Ontario Curriculum Expectations

CS.HS.P.4CS.HS.D.1
Grade: Grade 11
Subject: Computer Science
Unit: Object-Oriented Programming and Design
Period: Term 2

About This Topic

Class hierarchies and inheritance enable students to build efficient object-oriented systems by modeling real-world relationships through parent and child classes. A parent class, such as Vehicle, defines common attributes like speed and methods like accelerate, which child classes like Car and Truck inherit and extend with specifics such as numberOfDoors or loadCapacity. This structure reduces code redundancy, directly embodying the DRY principle, and prepares students for flexible software design in larger projects.

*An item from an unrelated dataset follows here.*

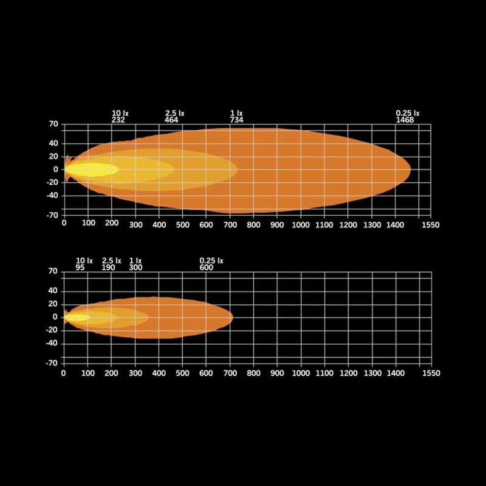 - Utökad räckvidd och bredare ljuskägla: Se längre och få ett dramatiskt bredare synfält – över fyra gånger bredare än bilens vanliga helljus – vilket gör att du kan förutse potentiella faror och reagera mer effektivt. Denna lösning har ett faktiskt ljusflöde på 4979 lumen och belyser 418m (vid 1 LUX), vilket ger exceptionell sikt.

In the Ontario Grade 11 Computer Science curriculum, this topic advances from basic classes to emphasize thoughtful hierarchy design. Students address key questions: How to create hierarchies flexible for future changes? What risks come from deep inheritance trees, like maintenance challenges and fragility? Practical examples, from library book systems to game character families, illustrate how balanced inheritance promotes clean, adaptable code.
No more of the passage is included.